Repartição das competências comuns

A repartição das competências comuns prevista no artigo 23 da Constituição Federal de 1988 é considerada uma norma constitucional de eficácia limitada, pois sua plena aplicabilidade dependia da edição de uma lei complementar que regulamentasse a cooperação entre os entes federativos. Essa regulamentação foi estabelecida pela Lei Complementar nº 140/2011, que fixou normas para a cooperação entre a União, os Estados, o Distrito Federal e os Municípios, visando ao equilíbrio do desenvolvimento e do bem-estar em âmbito nacional.

A LC 140/2011 detalha as atribuições administrativas de cada ente federativo em matéria ambiental, promovendo um modelo de federalismo cooperativo. Ela estabelece, por exemplo, as competências específicas para o licenciamento ambiental e a fiscalização, buscando evitar sobreposições e conflitos entre os entes federativos.

Aplicabilidade das normas constitucionais

As normas constitucionais possuem diferentes graus de aplicabilidade e eficácia, sendo classificadas em três categorias principais:

  • eficácia plena
    • As normas constitucionais de eficácia plena são as que podem ser aplicadas de imediato, como a instituição da língua portuguesa como idioma oficial (CF/88, art. 13).
  • eficácia contida
    • As normas constitucionais de eficácia contida também têm aplicabilidade imediata, mas seu alcance pode ser restringido pela lei ordinária, como no art. 5º, XIII:

    é livre o exercício de qualquer trabalho, ofício ou profissão, atendidas as qualificações profissionais que a lei estabelecer.

  • eficácia limitada
    • As normas constitucionais de eficácia limitada são as que dependem de complementação de outras normas para serem aplicadas, como no parágrafo único do art. 23 da CF/88, que define normas sobre a competência comum da União, dos Estados, do Distrito Federal e dos Municípios:

    Leis complementares fixarão normas para a cooperação entre a União e os Estados, o Distrito Federal e os Municípios, tendo em vista o equilíbrio do desenvolvimento e do bem-estar em âmbito nacional.

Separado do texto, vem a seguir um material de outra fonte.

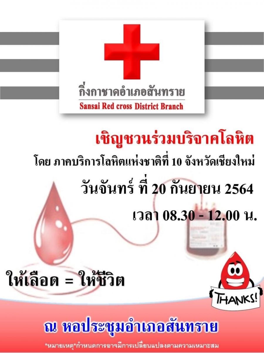 ในวันจันทร์ที่ 20 กันยายน 2564 ตั้งแต่เวลา 08.30-12.00 น. ณ หอประชุมอำเภอสันทราย เพื่อนำไปช่วยเหลือผู้ป่วยและผู้ที่ประสบอุบัติเหตุที่ต้องการโลหิตอย่างทันท่วงที ซึ่งในการดำเนินการรับบริจาคโลหิต ทางอำเภอสันทรายและกิ่งกาชาดอำเภอสันทรายได้ดำเนินการตามมาตรการป้องกันการแพร่ระบาดของโรคติดเชื้อไวรัสโคโรนา 2019 และขอให้ทุกท่านดำเนินการตามมาตรการ D-M-H-T-T-A ค่ะ
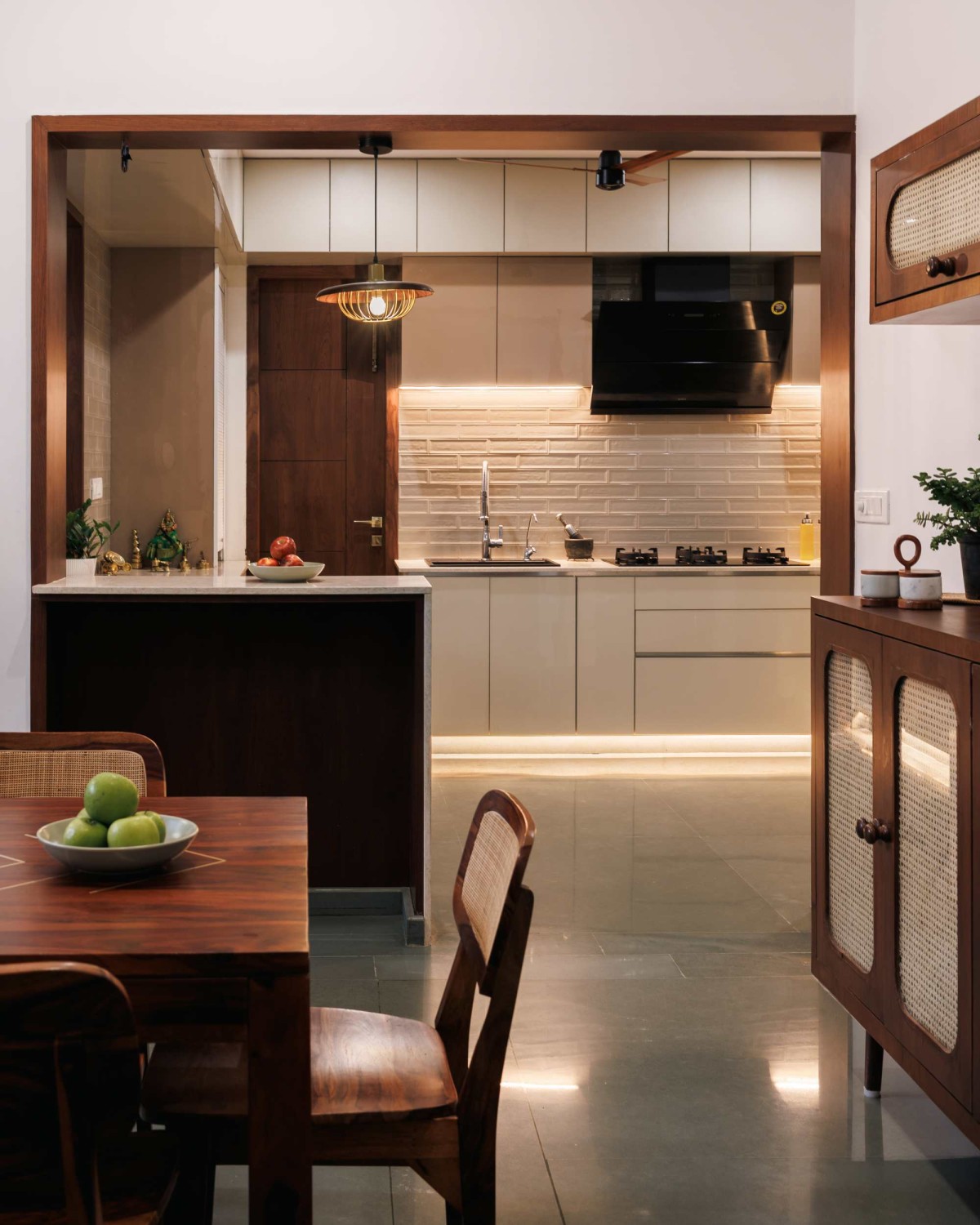 Dining to Pooja Mandir view of The Living Tapestry by Studio UrbanPoetics

Lei Complementar nº 140/11

LC 140/11

Art. 1º Esta Lei Complementar fixa normas, nos termos dos incisos III, VI e VII do caput e do parágrafo único do art. 23 da Constituição Federal, para a cooperação entre a União, os Estados, o Distrito Federal e os Municípios nas ações administrativas decorrentes do exercício da competência comum relativas à proteção das paisagens naturais notáveis, à proteção do meio ambiente, ao combate à poluição em qualquer de suas formas e à preservação das florestas, da fauna e da flora.